START Extracted data

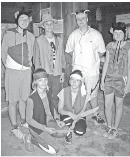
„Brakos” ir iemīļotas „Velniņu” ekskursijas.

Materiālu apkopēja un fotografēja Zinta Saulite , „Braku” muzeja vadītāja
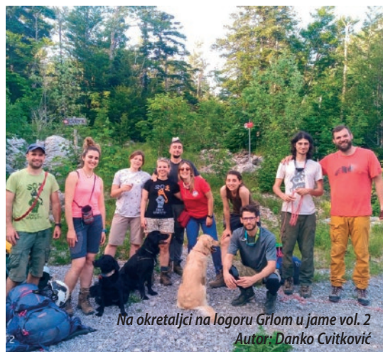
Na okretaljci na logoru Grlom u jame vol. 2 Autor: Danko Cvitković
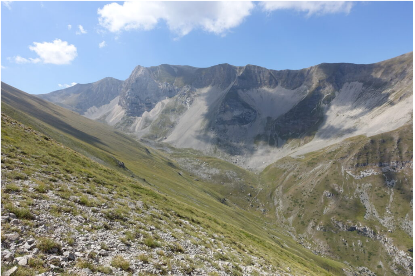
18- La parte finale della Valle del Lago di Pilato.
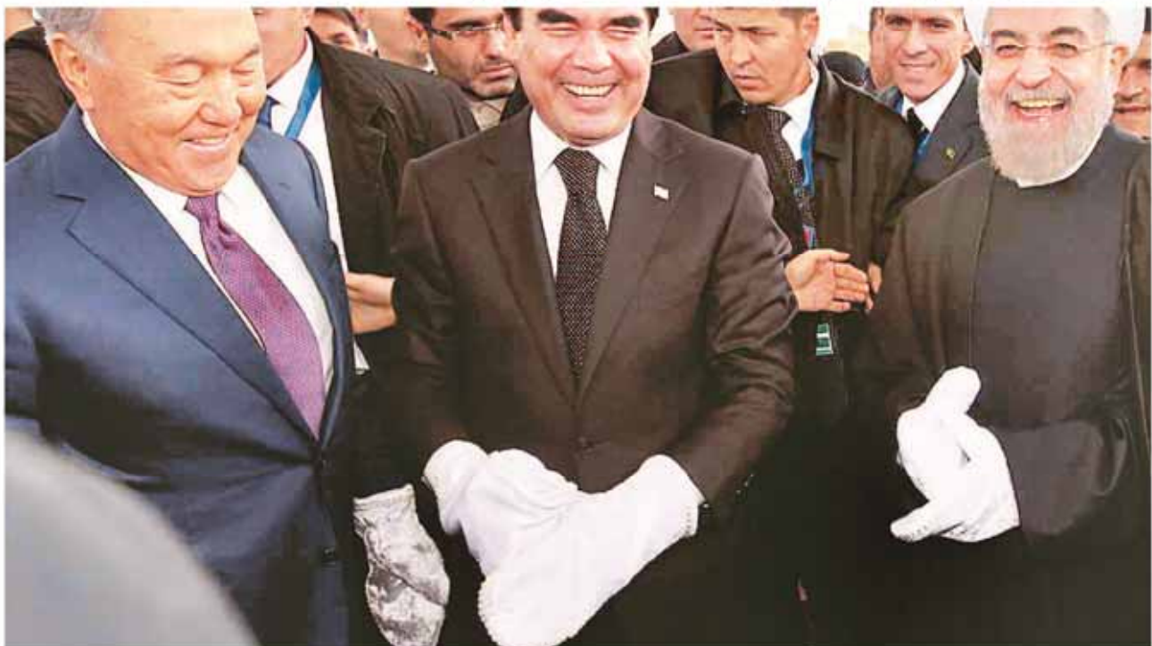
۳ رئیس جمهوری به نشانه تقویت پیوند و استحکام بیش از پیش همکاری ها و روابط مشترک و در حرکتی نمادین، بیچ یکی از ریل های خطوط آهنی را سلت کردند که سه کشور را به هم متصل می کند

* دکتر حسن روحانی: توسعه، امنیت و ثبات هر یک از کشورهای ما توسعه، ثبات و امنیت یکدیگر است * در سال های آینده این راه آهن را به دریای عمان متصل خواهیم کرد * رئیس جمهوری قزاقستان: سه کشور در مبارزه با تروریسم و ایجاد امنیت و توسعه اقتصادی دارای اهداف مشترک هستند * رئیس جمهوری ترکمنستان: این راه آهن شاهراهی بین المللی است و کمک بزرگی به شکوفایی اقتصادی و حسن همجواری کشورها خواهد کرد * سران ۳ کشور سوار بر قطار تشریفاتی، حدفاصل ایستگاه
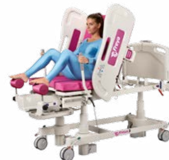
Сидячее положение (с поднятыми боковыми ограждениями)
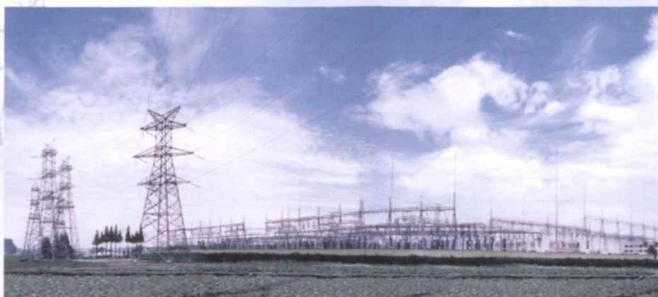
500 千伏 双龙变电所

END Extracted data
START Extracted data

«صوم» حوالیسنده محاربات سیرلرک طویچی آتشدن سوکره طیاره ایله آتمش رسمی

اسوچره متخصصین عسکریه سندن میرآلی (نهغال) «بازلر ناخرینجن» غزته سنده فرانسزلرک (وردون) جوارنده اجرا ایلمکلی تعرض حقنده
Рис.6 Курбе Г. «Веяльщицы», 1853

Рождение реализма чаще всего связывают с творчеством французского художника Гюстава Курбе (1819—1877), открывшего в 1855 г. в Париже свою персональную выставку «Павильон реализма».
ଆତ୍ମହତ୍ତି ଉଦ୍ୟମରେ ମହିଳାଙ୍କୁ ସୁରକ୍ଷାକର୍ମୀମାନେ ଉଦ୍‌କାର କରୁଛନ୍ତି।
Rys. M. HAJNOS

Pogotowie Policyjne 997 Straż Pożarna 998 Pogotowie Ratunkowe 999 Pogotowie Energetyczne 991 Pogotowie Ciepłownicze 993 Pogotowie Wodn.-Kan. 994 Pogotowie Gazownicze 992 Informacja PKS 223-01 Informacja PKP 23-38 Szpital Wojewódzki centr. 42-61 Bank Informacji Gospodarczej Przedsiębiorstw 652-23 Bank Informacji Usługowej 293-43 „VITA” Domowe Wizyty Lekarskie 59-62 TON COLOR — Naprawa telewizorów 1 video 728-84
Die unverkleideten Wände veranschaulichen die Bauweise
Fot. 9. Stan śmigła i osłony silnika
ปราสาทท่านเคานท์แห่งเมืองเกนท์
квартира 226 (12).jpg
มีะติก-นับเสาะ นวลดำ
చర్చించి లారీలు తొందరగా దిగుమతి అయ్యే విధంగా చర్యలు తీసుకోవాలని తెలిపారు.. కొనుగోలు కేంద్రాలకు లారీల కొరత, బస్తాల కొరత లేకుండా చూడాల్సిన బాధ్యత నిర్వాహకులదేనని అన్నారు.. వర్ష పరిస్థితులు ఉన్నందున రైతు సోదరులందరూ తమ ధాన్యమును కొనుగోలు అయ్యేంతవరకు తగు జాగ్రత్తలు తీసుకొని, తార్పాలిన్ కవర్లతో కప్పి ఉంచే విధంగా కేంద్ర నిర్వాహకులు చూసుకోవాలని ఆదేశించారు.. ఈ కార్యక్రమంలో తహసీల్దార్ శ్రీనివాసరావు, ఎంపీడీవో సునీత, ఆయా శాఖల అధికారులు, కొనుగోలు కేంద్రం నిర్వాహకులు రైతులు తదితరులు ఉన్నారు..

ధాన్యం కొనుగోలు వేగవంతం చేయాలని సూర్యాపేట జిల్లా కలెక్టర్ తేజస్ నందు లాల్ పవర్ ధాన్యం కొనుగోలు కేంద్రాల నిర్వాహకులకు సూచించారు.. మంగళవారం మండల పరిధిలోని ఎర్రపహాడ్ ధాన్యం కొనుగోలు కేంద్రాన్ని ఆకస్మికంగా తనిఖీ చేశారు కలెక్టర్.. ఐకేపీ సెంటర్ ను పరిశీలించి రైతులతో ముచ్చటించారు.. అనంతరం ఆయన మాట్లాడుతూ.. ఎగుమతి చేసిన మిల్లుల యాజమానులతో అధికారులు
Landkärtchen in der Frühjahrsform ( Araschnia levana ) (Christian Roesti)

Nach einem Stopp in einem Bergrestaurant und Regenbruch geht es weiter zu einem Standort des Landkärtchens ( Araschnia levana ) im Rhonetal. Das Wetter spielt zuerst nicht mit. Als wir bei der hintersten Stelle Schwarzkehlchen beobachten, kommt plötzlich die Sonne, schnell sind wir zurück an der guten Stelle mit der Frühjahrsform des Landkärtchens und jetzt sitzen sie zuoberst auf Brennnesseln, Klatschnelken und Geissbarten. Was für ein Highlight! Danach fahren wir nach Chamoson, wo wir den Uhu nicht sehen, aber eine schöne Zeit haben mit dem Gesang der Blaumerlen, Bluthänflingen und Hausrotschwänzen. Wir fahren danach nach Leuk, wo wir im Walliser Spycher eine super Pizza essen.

END Extracted data
START Extracted data

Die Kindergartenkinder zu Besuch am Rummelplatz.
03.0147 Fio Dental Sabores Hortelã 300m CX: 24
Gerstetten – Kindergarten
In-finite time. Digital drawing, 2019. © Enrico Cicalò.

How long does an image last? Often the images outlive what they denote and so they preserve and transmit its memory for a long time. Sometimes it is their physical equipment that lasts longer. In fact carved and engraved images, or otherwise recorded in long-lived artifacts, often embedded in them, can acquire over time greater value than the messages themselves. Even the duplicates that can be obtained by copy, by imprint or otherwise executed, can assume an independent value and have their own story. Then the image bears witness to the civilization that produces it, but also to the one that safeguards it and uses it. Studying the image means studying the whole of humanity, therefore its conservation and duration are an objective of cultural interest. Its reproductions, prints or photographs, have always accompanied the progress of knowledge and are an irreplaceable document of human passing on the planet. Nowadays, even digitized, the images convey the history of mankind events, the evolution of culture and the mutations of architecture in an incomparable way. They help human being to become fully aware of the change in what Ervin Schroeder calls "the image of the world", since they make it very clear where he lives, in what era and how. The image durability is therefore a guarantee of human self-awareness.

END Extracted data

§ What to do
Each line above from the one with "In-finite time. Digital" up to and including the one with "How long does" must be set down exactly, and no line outside that span may appear.

§ Solution for this task
In-finite time. Digital drawing, 2019. © Enrico Cicalò.

How long does an image last? Often the images outlive what they denote and so they preserve and transmit its memory for a long time. Sometimes it is their physical equipment that lasts longer. In fact carved and engraved images, or otherwise recorded in long-lived artifacts, often embedded in them, can acquire over time greater value than the messages themselves. Even the duplicates that can be obtained by copy, by imprint or otherwise executed, can assume an independent value and have their own story. Then the image bears witness to the civilization that produces it, but also to the one that safeguards it and uses it. Studying the image means studying the whole of humanity, therefore its conservation and duration are an objective of cultural interest. Its reproductions, prints or photographs, have always accompanied the progress of knowledge and are an irreplaceable document of human passing on the planet. Nowadays, even digitized, the images convey the history of mankind events, the evolution of culture and the mutations of architecture in an incomparable way. They help human being to become fully aware of the change in what Ervin Schroeder calls "the image of the world", since they make it very clear where he lives, in what era and how. The image durability is therefore a guarantee of human self-awareness.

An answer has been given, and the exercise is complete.